**Problem details**
When writing out the entries below, keep only the lines from the line with "วันที่ 12 ธันวาคม" to the line with "2020年5月,南京星源動(dòng)力", both included, exactly as they are, and leave the pictures aside.

**Source information**
Segment Open

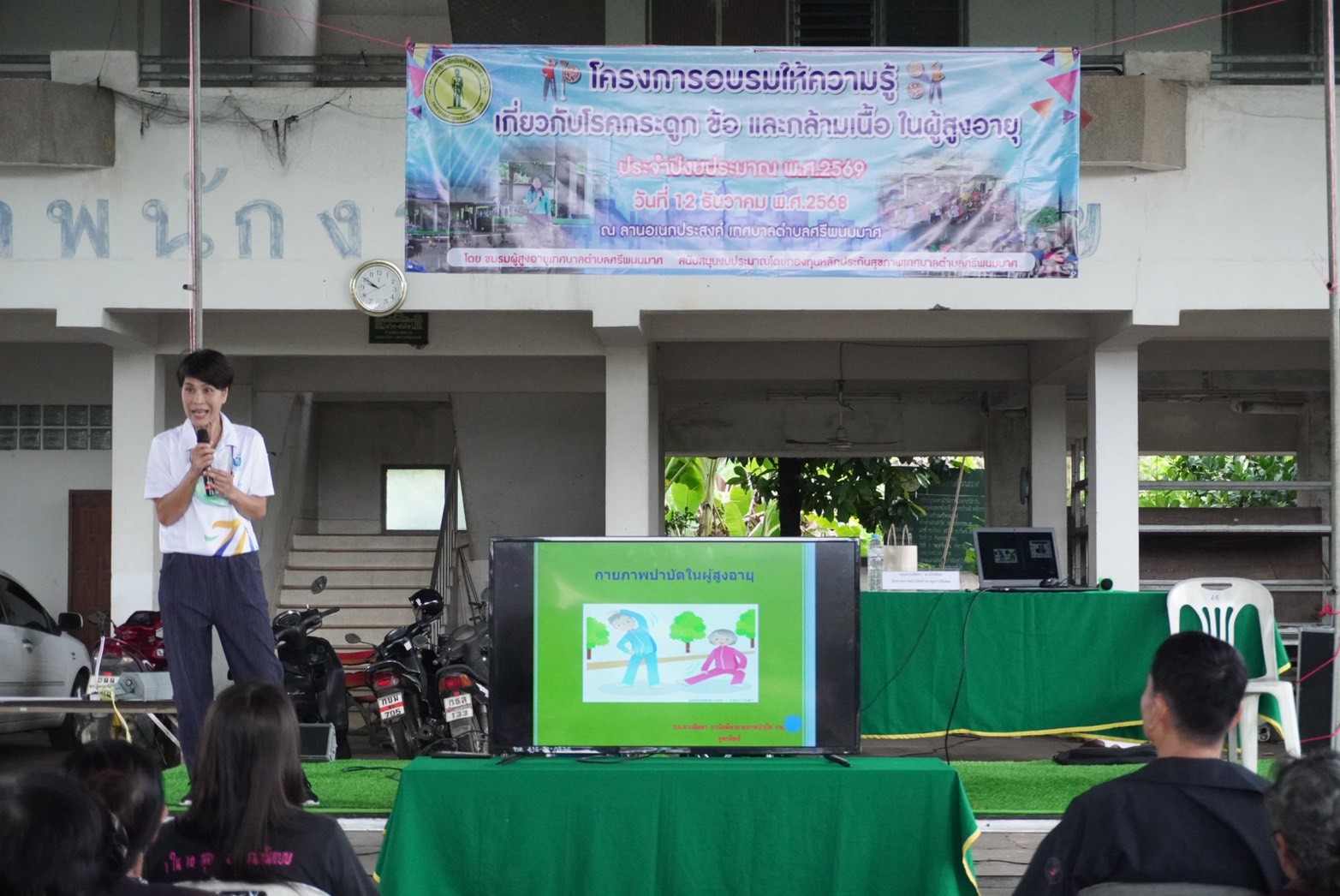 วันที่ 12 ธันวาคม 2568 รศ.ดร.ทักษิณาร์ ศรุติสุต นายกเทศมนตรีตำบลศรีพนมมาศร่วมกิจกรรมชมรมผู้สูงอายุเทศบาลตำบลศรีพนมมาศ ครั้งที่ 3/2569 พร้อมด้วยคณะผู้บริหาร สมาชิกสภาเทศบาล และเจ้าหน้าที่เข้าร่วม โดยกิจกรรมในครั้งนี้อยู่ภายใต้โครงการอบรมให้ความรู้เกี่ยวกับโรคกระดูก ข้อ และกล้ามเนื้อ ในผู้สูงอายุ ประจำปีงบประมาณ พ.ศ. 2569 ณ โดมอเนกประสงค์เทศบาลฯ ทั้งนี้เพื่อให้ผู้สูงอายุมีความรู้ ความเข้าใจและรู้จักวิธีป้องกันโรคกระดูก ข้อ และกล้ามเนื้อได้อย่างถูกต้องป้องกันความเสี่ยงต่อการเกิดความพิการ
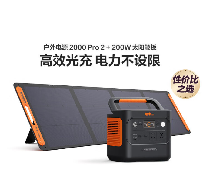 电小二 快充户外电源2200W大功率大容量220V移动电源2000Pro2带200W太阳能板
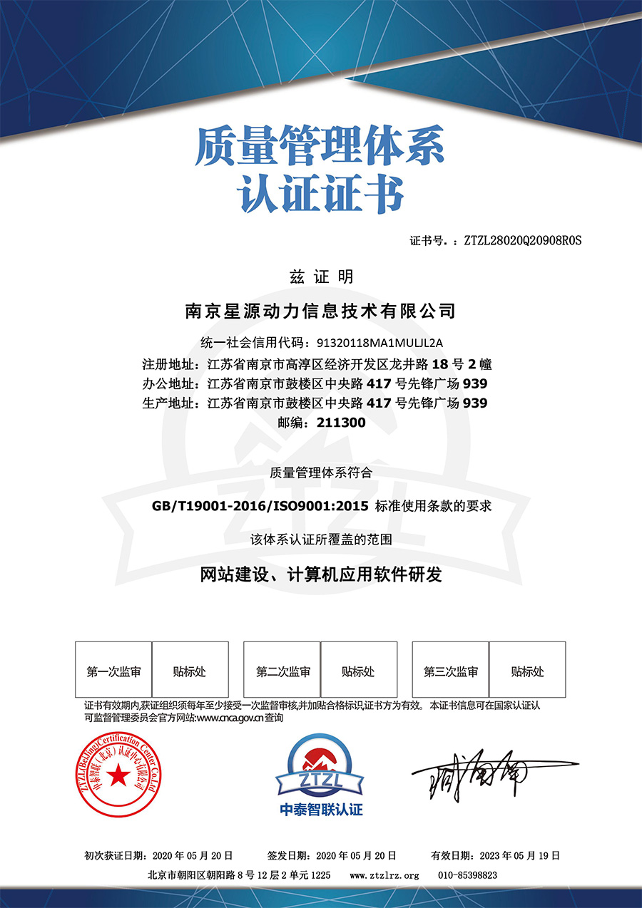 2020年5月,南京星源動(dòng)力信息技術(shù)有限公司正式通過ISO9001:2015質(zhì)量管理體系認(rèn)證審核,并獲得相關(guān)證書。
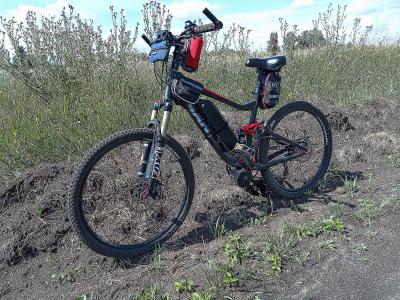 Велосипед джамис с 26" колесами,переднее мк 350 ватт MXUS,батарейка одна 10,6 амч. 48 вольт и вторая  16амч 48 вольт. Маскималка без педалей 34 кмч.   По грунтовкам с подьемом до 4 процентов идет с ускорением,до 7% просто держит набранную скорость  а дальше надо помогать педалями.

Segment Closed
Segment Open

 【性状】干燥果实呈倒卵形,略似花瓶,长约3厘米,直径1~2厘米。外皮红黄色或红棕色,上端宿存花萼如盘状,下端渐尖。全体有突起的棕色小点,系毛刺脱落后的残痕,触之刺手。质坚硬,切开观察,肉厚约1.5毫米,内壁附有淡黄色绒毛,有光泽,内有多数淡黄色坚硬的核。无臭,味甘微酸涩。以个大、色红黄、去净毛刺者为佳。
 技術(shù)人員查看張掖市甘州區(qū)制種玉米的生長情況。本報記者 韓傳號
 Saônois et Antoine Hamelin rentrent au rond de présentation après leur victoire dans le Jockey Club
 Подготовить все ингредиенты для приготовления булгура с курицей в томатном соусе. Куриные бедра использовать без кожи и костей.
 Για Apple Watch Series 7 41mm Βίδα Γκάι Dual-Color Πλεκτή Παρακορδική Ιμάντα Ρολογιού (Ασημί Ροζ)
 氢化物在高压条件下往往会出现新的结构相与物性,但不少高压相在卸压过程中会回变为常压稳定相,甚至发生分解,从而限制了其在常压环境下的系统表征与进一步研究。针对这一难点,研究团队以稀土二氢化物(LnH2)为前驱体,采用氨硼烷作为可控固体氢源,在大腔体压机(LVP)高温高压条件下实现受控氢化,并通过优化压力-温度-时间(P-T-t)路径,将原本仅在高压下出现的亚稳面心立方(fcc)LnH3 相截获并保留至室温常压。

Segment Closed

**Expected answer**
 วันที่ 12 ธันวาคม 2568 รศ.ดร.ทักษิณาร์ ศรุติสุต นายกเทศมนตรีตำบลศรีพนมมาศร่วมกิจกรรมชมรมผู้สูงอายุเทศบาลตำบลศรีพนมมาศ ครั้งที่ 3/2569 พร้อมด้วยคณะผู้บริหาร สมาชิกสภาเทศบาล และเจ้าหน้าที่เข้าร่วม โดยกิจกรรมในครั้งนี้อยู่ภายใต้โครงการอบรมให้ความรู้เกี่ยวกับโรคกระดูก ข้อ และกล้ามเนื้อ ในผู้สูงอายุ ประจำปีงบประมาณ พ.ศ. 2569 ณ โดมอเนกประสงค์เทศบาลฯ ทั้งนี้เพื่อให้ผู้สูงอายุมีความรู้ ความเข้าใจและรู้จักวิธีป้องกันโรคกระดูก ข้อ และกล้ามเนื้อได้อย่างถูกต้องป้องกันความเสี่ยงต่อการเกิดความพิการ
 电小二 快充户外电源2200W大功率大容量220V移动电源2000Pro2带200W太阳能板
 2020年5月,南京星源動(dòng)力信息技術(shù)有限公司正式通過ISO9001:2015質(zhì)量管理體系認(rèn)證審核,并獲得相關(guān)證書。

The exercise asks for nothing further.